Material provided =>

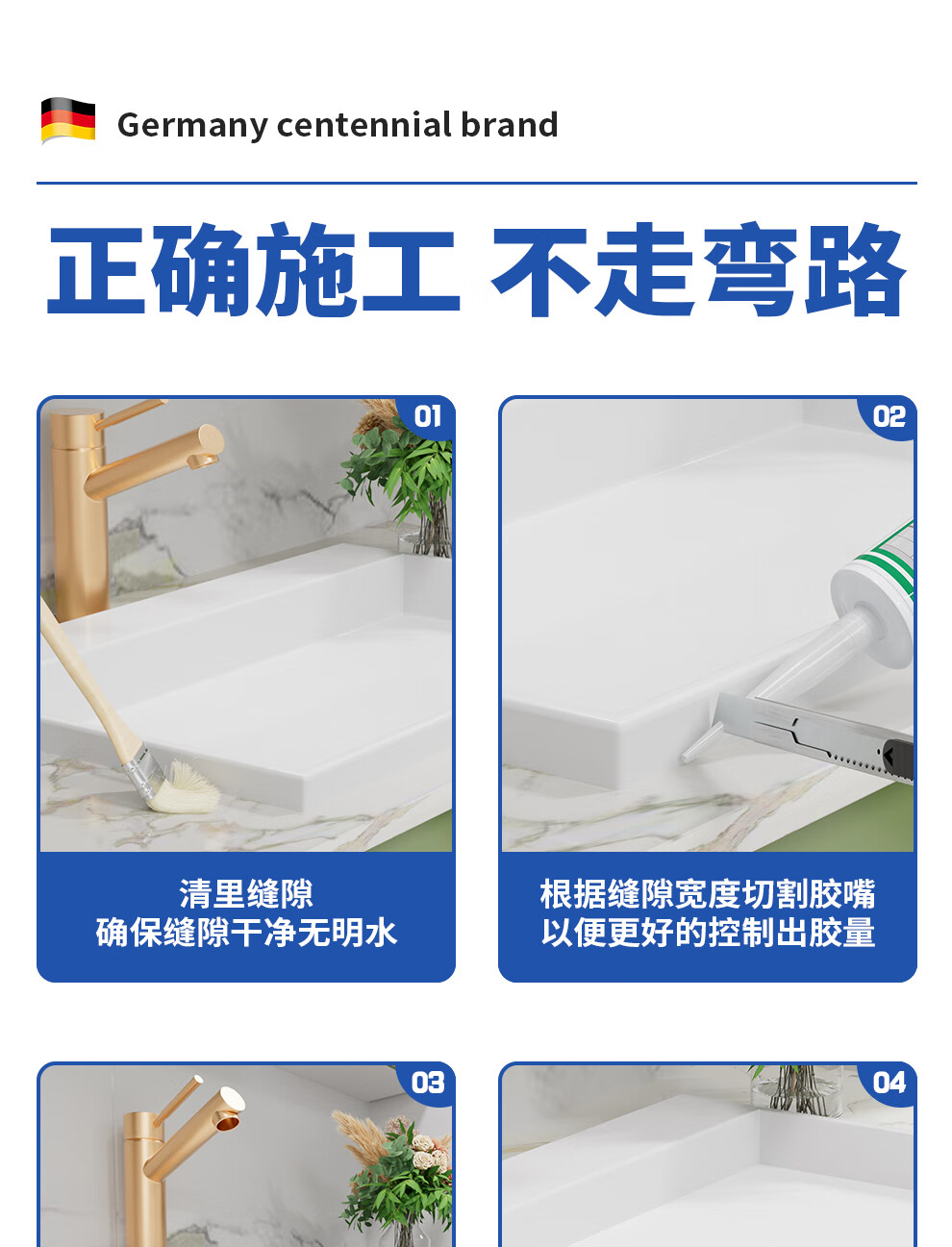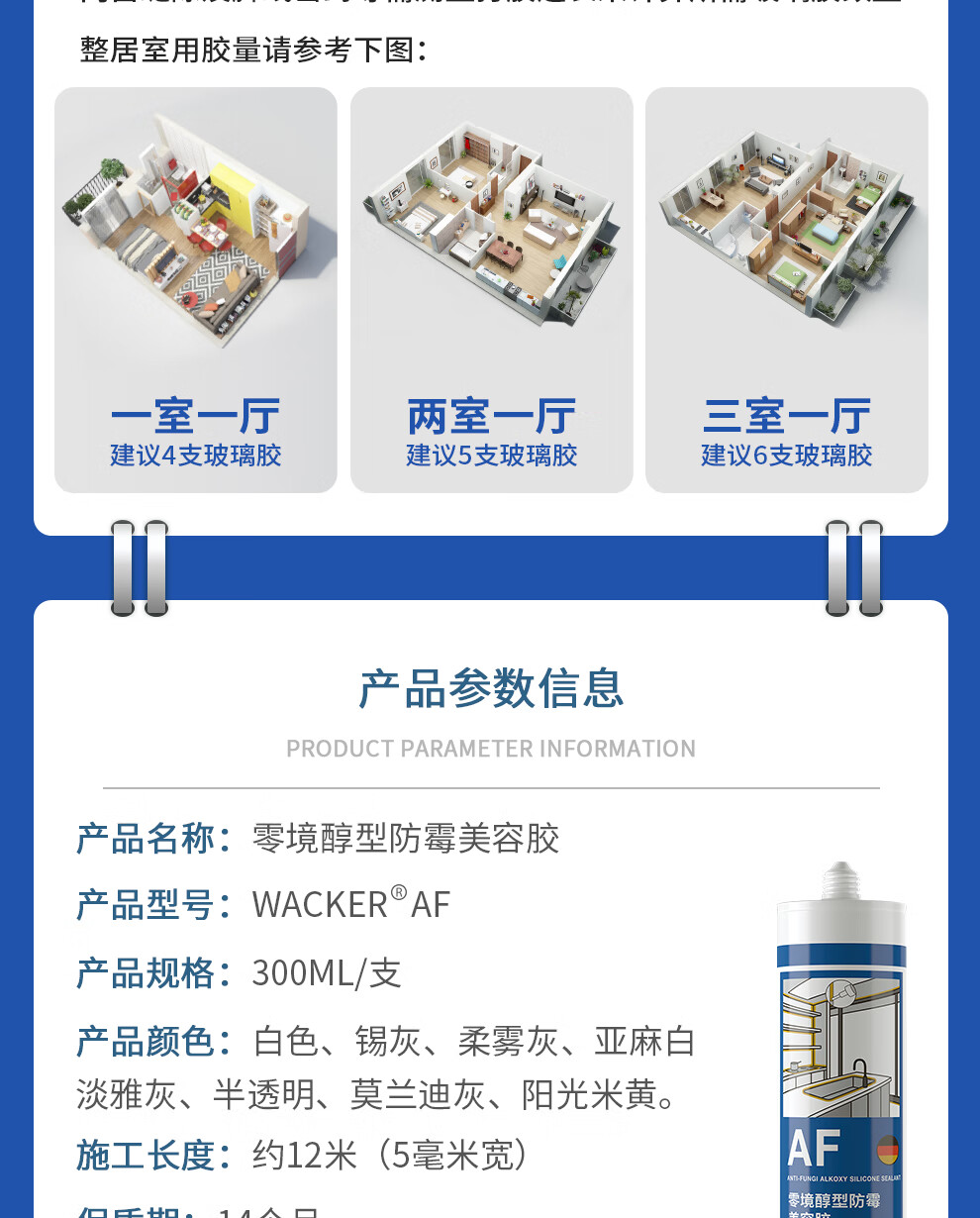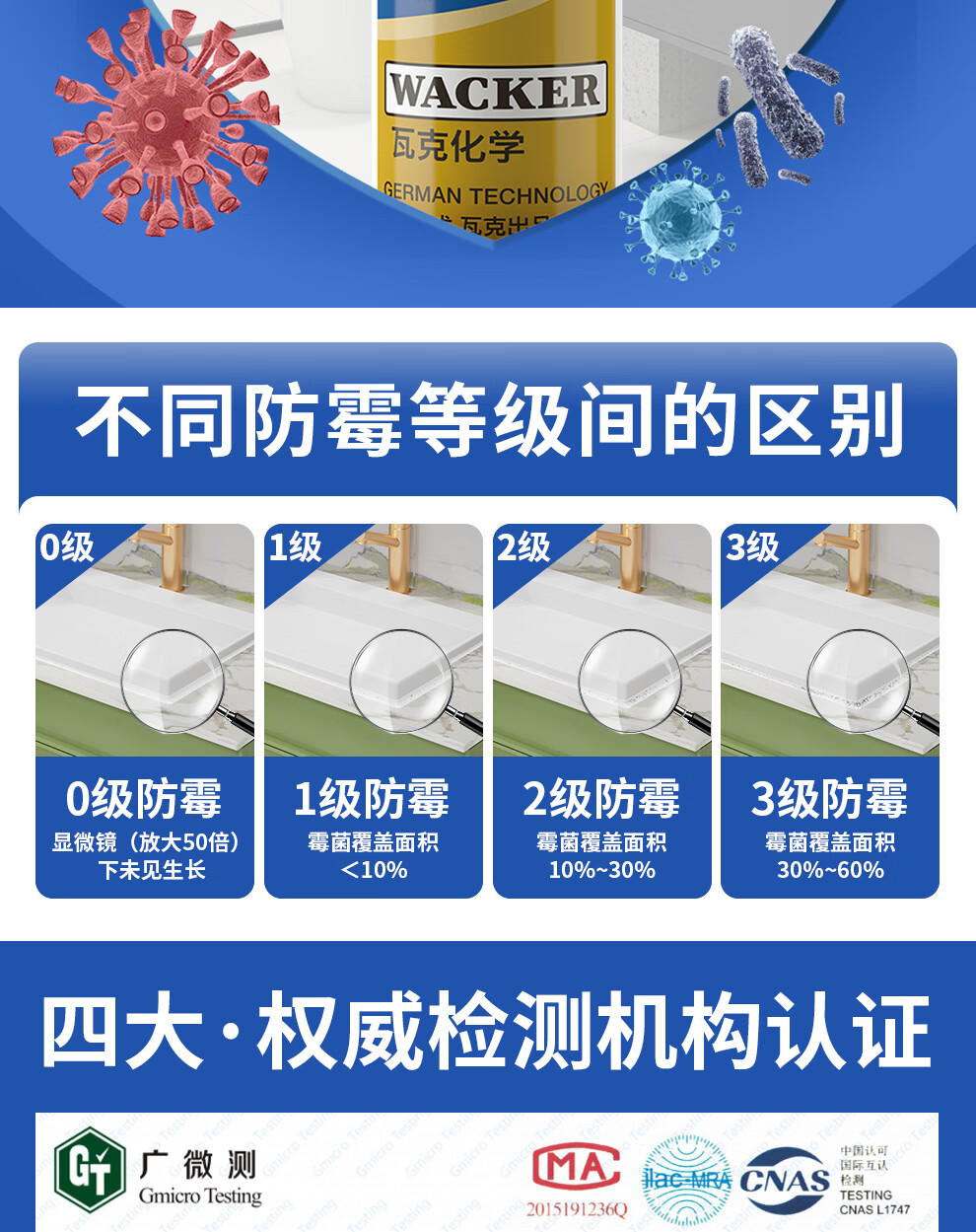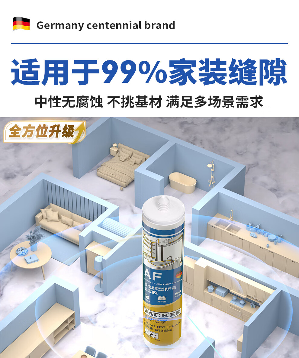 瓦克(WACKER)AF零境12倍时效0级防霉玻璃胶厨卫密封胶防水美容胶马桶封边胶 半透明
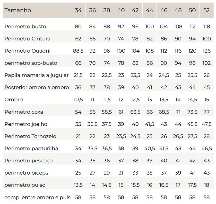 | Tamanho | 34 | 36 | 38 | 40 |
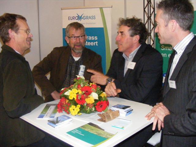 Bernard Bles en Jos Deckers van EuroGrass in gesprek met twee BioVak-bezoekers.
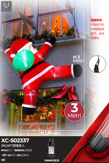 Gonfiabile Natalizio a forma di Babbo Natale che si arrampica con luci altezza 3 metri IP44 adatto per uso esterno

Problem requirements => Retype only the lines from the line with "Bernard Bles en" through the last line of the data. Keep both ends and skip the pictures.

Task response =>
 Bernard Bles en Jos Deckers van EuroGrass in gesprek met twee BioVak-bezoekers.
 Gonfiabile Natalizio a forma di Babbo Natale che si arrampica con luci altezza 3 metri IP44 adatto per uso esterno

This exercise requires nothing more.